Saved entries
┌──
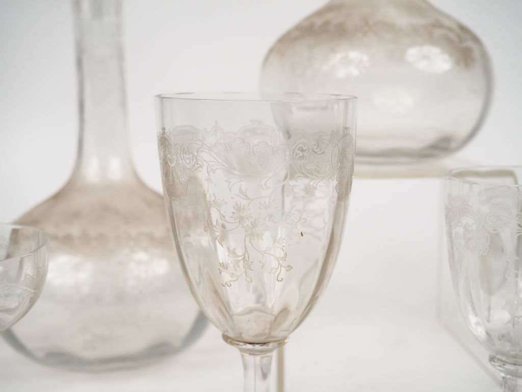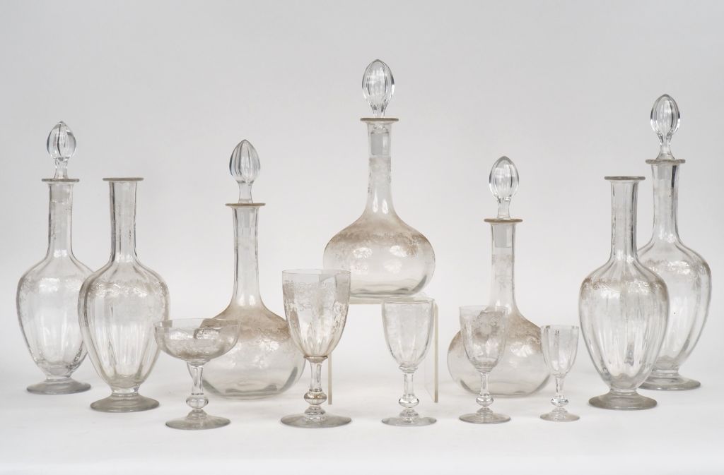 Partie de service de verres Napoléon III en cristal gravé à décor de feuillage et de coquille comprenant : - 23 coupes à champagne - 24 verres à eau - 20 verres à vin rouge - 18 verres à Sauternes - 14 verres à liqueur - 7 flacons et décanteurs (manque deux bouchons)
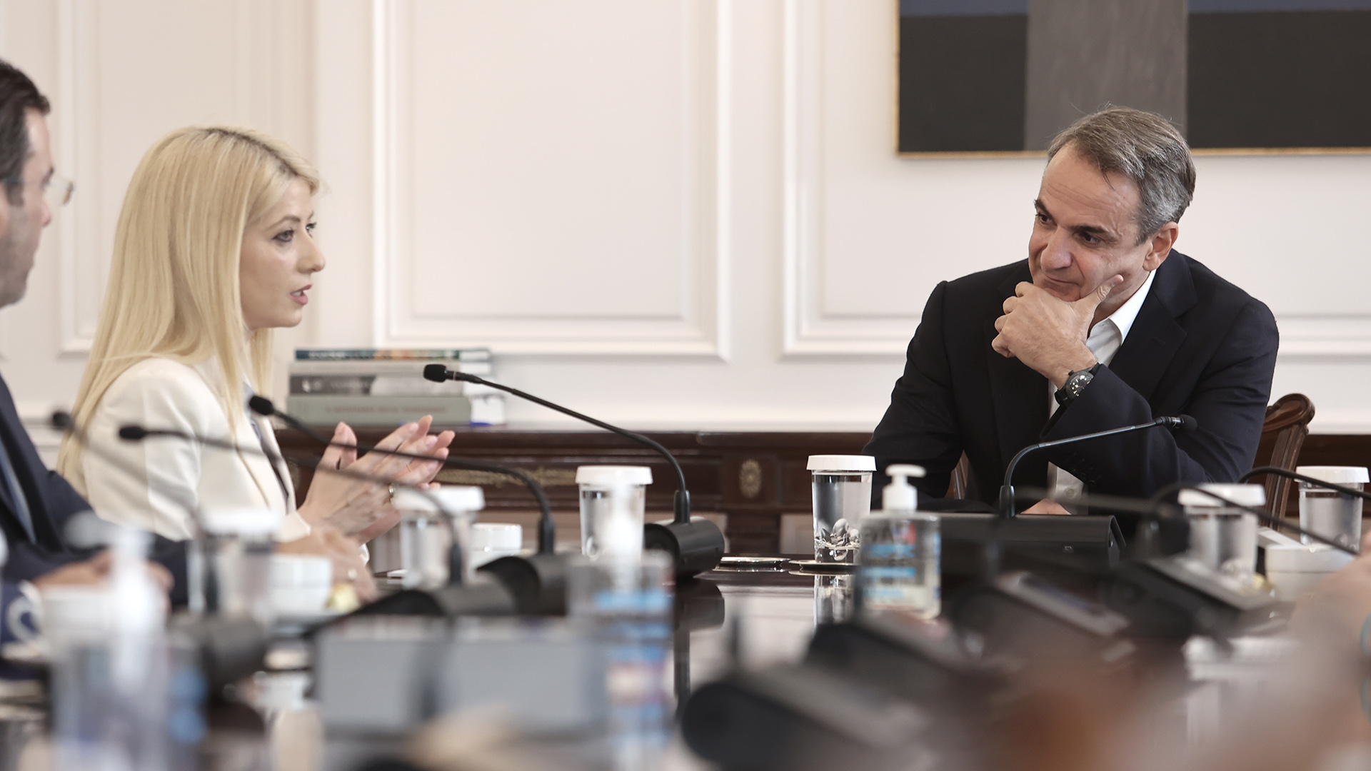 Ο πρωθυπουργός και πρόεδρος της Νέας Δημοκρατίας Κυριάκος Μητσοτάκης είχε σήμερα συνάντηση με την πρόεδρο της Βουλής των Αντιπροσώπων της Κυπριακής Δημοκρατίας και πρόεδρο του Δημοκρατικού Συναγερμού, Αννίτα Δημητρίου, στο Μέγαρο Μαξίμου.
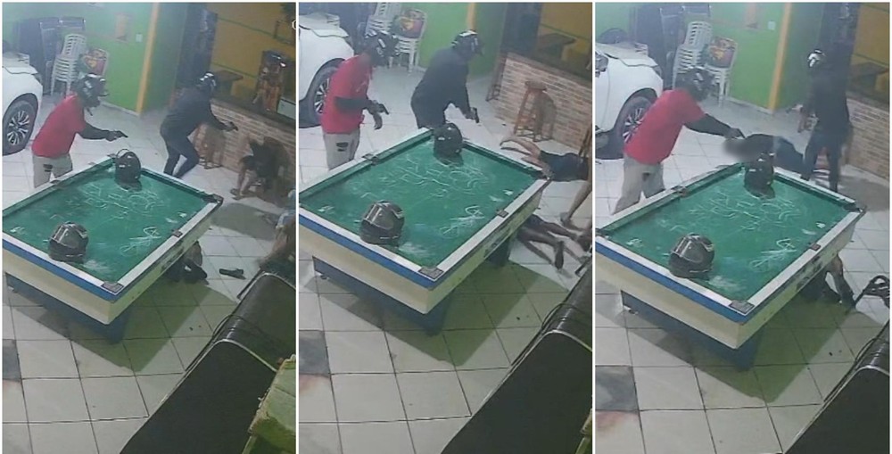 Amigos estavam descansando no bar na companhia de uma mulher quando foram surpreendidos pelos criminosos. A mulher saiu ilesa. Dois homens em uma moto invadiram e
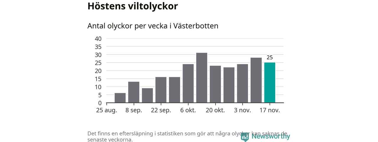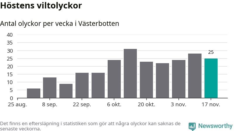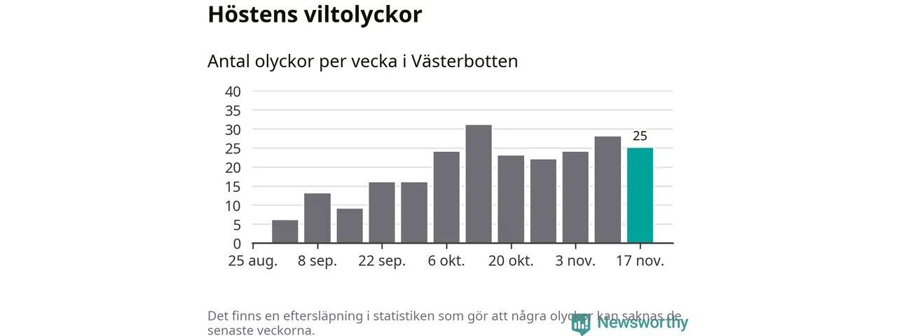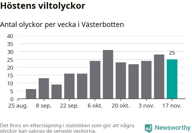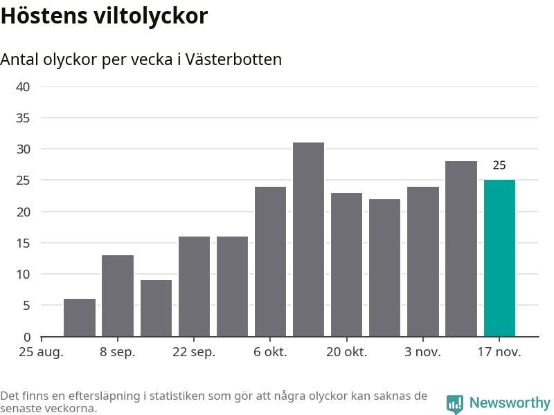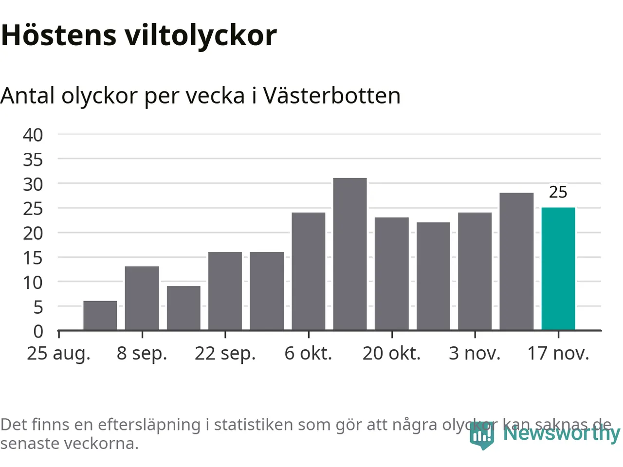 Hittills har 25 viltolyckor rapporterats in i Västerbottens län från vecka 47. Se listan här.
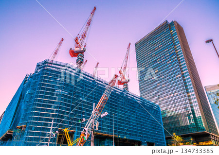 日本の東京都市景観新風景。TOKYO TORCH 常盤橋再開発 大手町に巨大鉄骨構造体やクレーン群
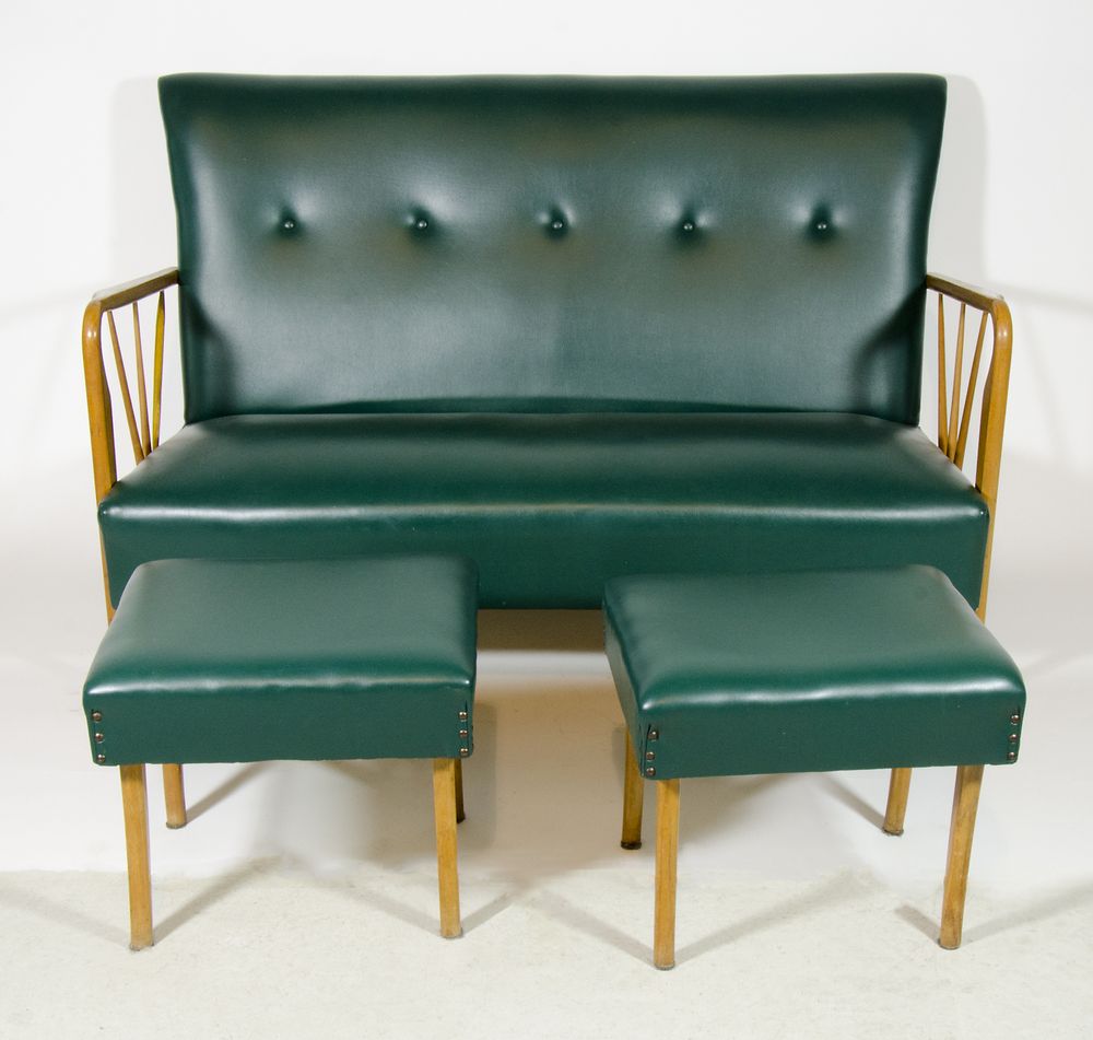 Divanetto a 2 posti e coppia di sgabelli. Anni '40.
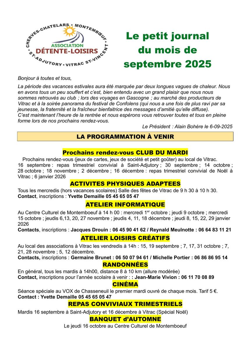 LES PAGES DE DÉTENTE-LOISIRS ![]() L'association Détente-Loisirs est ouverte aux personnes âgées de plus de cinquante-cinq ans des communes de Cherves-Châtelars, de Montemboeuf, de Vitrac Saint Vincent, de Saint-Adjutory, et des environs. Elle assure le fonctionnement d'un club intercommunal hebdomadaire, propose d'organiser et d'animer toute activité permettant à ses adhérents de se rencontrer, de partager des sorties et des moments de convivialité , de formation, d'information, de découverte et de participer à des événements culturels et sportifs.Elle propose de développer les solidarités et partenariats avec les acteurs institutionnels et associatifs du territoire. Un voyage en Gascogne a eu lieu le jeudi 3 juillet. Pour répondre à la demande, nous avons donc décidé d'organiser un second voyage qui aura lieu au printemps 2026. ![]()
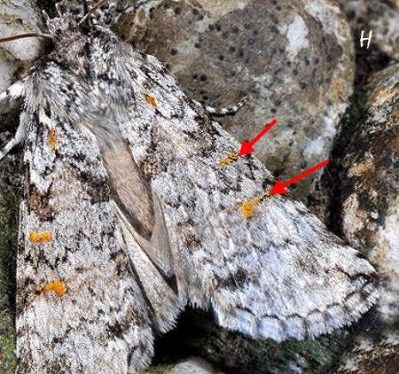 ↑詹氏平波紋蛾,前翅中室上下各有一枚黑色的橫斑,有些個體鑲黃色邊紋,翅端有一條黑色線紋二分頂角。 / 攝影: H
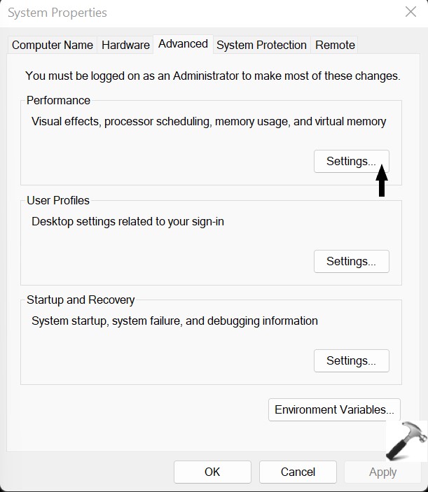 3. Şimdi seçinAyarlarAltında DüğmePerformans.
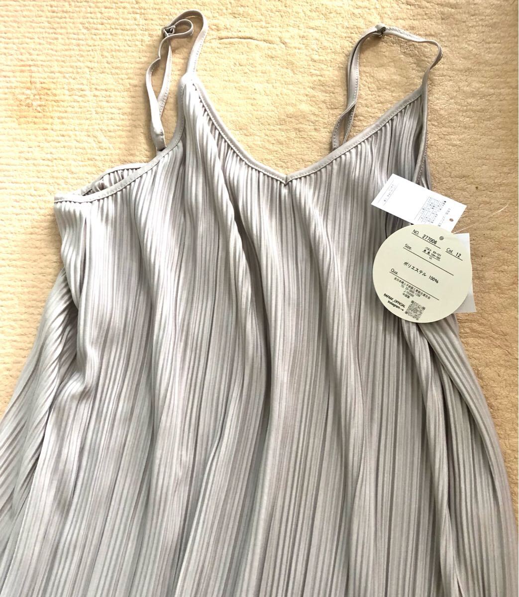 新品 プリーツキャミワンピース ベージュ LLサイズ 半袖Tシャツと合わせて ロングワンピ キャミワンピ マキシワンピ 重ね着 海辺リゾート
└──
Your answer must be an exact reproduction of all entries, containing no pictures.

_SOLVED PROBLEM_
 Partie de service de verres Napoléon III en cristal gravé à décor de feuillage et de coquille comprenant : - 23 coupes à champagne - 24 verres à eau - 20 verres à vin rouge - 18 verres à Sauternes - 14 verres à liqueur - 7 flacons et décanteurs (manque deux bouchons)
 Ο πρωθυπουργός και πρόεδρος της Νέας Δημοκρατίας Κυριάκος Μητσοτάκης είχε σήμερα συνάντηση με την πρόεδρο της Βουλής των Αντιπροσώπων της Κυπριακής Δημοκρατίας και πρόεδρο του Δημοκρατικού Συναγερμού, Αννίτα Δημητρίου, στο Μέγαρο Μαξίμου.
 Amigos estavam descansando no bar na companhia de uma mulher quando foram surpreendidos pelos criminosos. A mulher saiu ilesa. Dois homens em uma moto invadiram e
 Hittills har 25 viltolyckor rapporterats in i Västerbottens län från vecka 47. Se listan här.
 日本の東京都市景観新風景。TOKYO TORCH 常盤橋再開発 大手町に巨大鉄骨構造体やクレーン群
 Divanetto a 2 posti e coppia di sgabelli. Anni '40.
 LES PAGES DE DÉTENTE-LOISIRS ![]() L'association Détente-Loisirs est ouverte aux personnes âgées de plus de cinquante-cinq ans des communes de Cherves-Châtelars, de Montemboeuf, de Vitrac Saint Vincent, de Saint-Adjutory, et des environs. Elle assure le fonctionnement d'un club intercommunal hebdomadaire, propose d'organiser et d'animer toute activité permettant à ses adhérents de se rencontrer, de partager des sorties et des moments de convivialité , de formation, d'information, de découverte et de participer à des événements culturels et sportifs.Elle propose de développer les solidarités et partenariats avec les acteurs institutionnels et associatifs du territoire. Un voyage en Gascogne a eu lieu le jeudi 3 juillet. Pour répondre à la demande, nous avons donc décidé d'organiser un second voyage qui aura lieu au printemps 2026. ![]()
 ↑詹氏平波紋蛾,前翅中室上下各有一枚黑色的橫斑,有些個體鑲黃色邊紋,翅端有一條黑色線紋二分頂角。 / 攝影: H
 3. Şimdi seçinAyarlarAltında DüğmePerformans.
 新品 プリーツキャミワンピース ベージュ LLサイズ 半袖Tシャツと合わせて ロングワンピ キャミワンピ マキシワンピ 重ね着 海辺リゾート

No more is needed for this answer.